Through detailed information furnished by spies and merchants,
the feuds and intrigues of the Castilian court, distracted by the
weakness of the crown and the unprincipled ambition of the nobles,
were as well known at Granada as in the council chambers of Toledo
and Seville. Successful in his marauding expeditions, Ismail now
directed his attention to projects of greater importance, whose
accomplishment was certain to produce a substantial and permanent
accession to the territory and wealth of his kingdom. Provided with
every appliance at that time known to warfare, he laid siege to the
important and well-fortified city of Baza, June 23, 13824. Its situation,
strong by nature, had been rendered doubly formidable by art. The
genius of the Moor, whose confidence was placed in the swift and
unexpected movements of his cavalry, had hitherto not exhibited the
patience and endurance necessary for the successful prosecution of
besieging operations. But under the skilful dispositions of Ismail, the
investment of Baza was made with all the thoroughness and
deliberation which characterize the movements of the accomplished
military engineer. A ditch was excavated, a rampart was thrown up,
and all intercourse with the surrounding country intercepted. The
inhabitants, confident in the security of their massive fortifications,
viewed with curiosity rather than apprehension the mounting of a
number of strange but apparently harmless machines before the
walls. These appeared to consist of segmented bars of iron united by
heavy hoops of the same metal. Dragged from place to place by
means of ropes, their immense weight was indicated by the number
of men it took to move them; they evidently contained no apparatus
for missiles like the familiar balista or catapult, and their use was a
mystery to the unconcerned inhabitants. But suddenly from the
mouths of these apparently innocuous engines issued great bursts of
flame and smoke, accompanied by a roar that rivalled that of the
thunderbolt, and ponderous balls of stone and of iron, hurled into the
city, crushing and splintering everything in their path, announced
what has been erroneously stated as the first use of artillery in the
wars of Europe. Against the force of these projectiles, whose novelty
increased the terror their destruction inspired, the boasted strength
of the defences and the courage of the garrison availed nothing.
Great breaches soon appeared in the walls, and with the towers
crumbling over their heads and many of their houses in flames, the
panic-stricken citizens of Baza, by a timely surrender, succeeded in
saving their city from pillage.
During the following year Martos experienced a similar fate, but its
resistance was more obstinate, and the exasperated Moslems,
entering the town by storm, massacred the inhabitants to a man. The
prayers enjoined by the Koran were offered by the victors kneeling
upon pavements reeking with the blood of the slain; the peasants, for
a distance of many miles, were driven away into captivity;
innumerable flocks and herds attested the activity of the Arab
cavalry; and Ismail retraced his steps to his capital, which he entered
with all the pomp of a conqueror.
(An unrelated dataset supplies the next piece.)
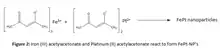 Platinum nanoparticles become more chemically stable when alloyed with iron, cobalt, or nickel. The platinum alloys also have a better detection range and catalytic activity than platinum alone. These magnetic metal additions to platinum reduce the overall sensitivity to oxidation while maintaining the desirable magnetic properties.[10] Combined, FePt nanoparticles can be synthesized for medical applications. One method of synthesis uses incident laser technology to irradiate solutions containing iron and platinum to combine the two alloys. A laser beam is emitted onto a 4:1 mixture of iron (III) acetylacetonate and platinum (II) acetylacetonate dissolved in methanol.[11] The black precipitates are then washed and dried on silicon substrates to be characterized by transmission electron microscopy (TEM) and X-ray diffraction.
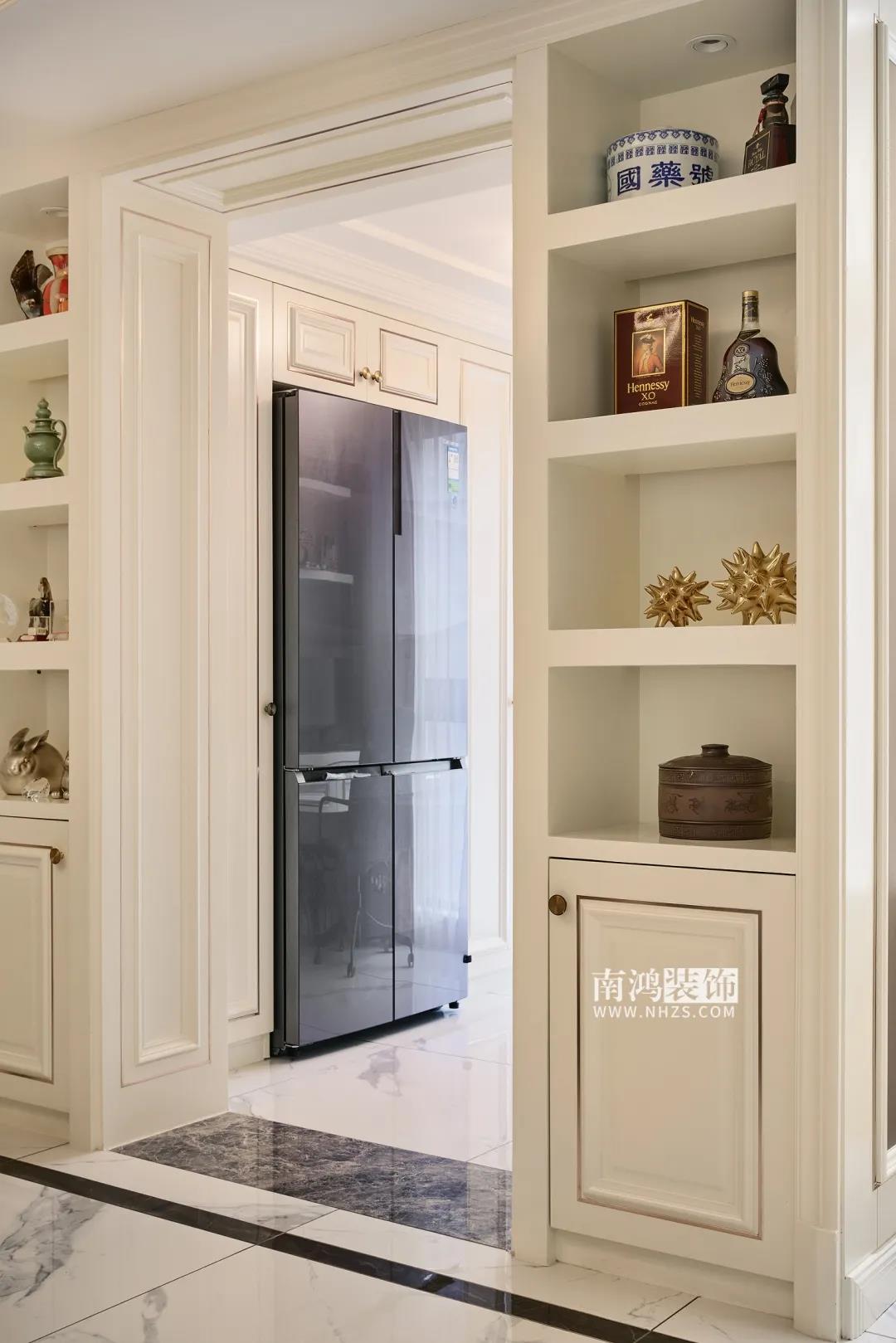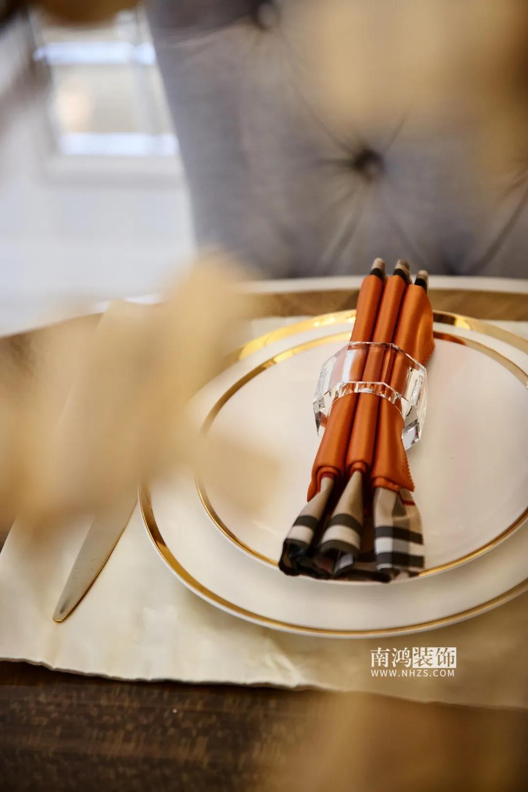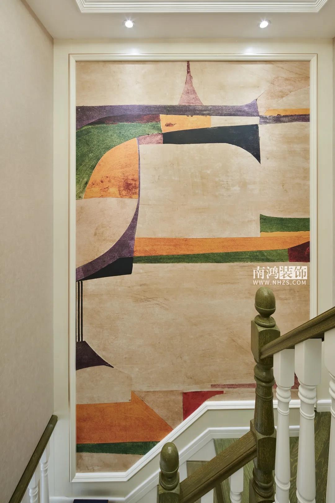 【項目·信息】 地址 / 名門世家 戶型 / Loft戶型 面積 / 139㎡ 風格 / 現代輕奢美式 設計施工 / 浙江南鴻裝飾 本案為業主朱女士的退休住房,平常是夫妻倆居住,女兒一家四口會偶爾過來。朱女士本人性格十分熱情開朗,喜愛旅游、運動,在房屋設計上要求明快而時尚的色彩搭配,以及足夠多的儲物空間。 本案在硬裝上是以實木復合木作和工藝皮革硬包為主要材質,家具軟裝則是在象牙白的基調上,添加入業主喜愛的亮麗色彩和具備現代感的輕奢元素,擯棄了厚重的外形表現,更加注重保留美式特有的溫情體驗。 · 一樓書房采用開放式設計,很好導引了采光。 · 調整了樓梯洞口的長寬與踏步尺寸,定制同色復古風扶手、踏步,讓樓梯區域看起來更有質感。 · 樓梯下方使用木飾面暗門,背后做儲藏室設計,增加儲物空間。 象牙白色,既溫暖又包容,低調而又內斂,作為室內的主基調是再合適不過了。 客廳以現代生活方式的簡約表現融合優雅的美式古典元素,成就別具一格的輕奢空間。 餐廳與客廳之間沒有隔閡,能實現更高的互動性。木質拼花圓桌與圓潤吊頂呼應,演繹出動人的空間韻律。 餐廳一側壁面以大幅鏡面元素裝飾,通過其反射光線的效果擴寬了空間的視覺維度,并極大增強采光。 書房做開放式設計,讓光線可以不受約束地傳遞到外部餐廳的位置,同時留出一部分柜體位置以嵌入冰箱,節省廚房空間。 樓梯洞口的長寬與踏步尺寸均得到精細調整,特意做舊的復古綠木扶手、踏步會更具質感和設計感。墻面定制抽象掛畫,跳躍的色塊激情傳遞著活力因子。 女業主的臥房,為貼合她熱情開朗的個性而選擇了愛馬仕橙的硬包背景來點亮整個室內空間,簡潔又不失格調。 為女兒準備的臥房,更能體現當代都市女性的審美需求。整體以沉穩的中性色為基調,搭配深藍色天鵝絨休閑椅和暗紫色絨布窗簾,富有層次感的色彩輕松打造出頗具藝術感的睡眠環境。

It was long since Granada had
witnessed such a scene or extended such a welcome at the return of
a victorious army. The streets were carpeted with flowers. Tapestries
and hangings of silk and cloth-of-gold were suspended from the
balconies. The air was fragrant with perfumes wafted from hundreds
of censers. The beautiful city, given over to a holiday, had sent forth
its entire population to celebrate the triumph of its sovereign. The
acclamations of the people, rising in a prolonged and deafening roar,
were heard beyond the walls. Vast throngs in holiday dress blocked
the narrow thoroughfares. Peasants in the picturesque costumes of
the Vega, sturdy mountaineers from the Sierra Nevada and the
Alpujarras, the taciturn Jew in the distinctive yellow gaberdine of his
sect, the pilgrim of Mecca clad in green, the cavalier in helmet and
cuirass inlaid with gold, the ladies in gaudy silks and gleaming
jewels, whose splendor contributed little to the native charms of their
voluptuous beauty, enhanced the variety and charm of the spectacle.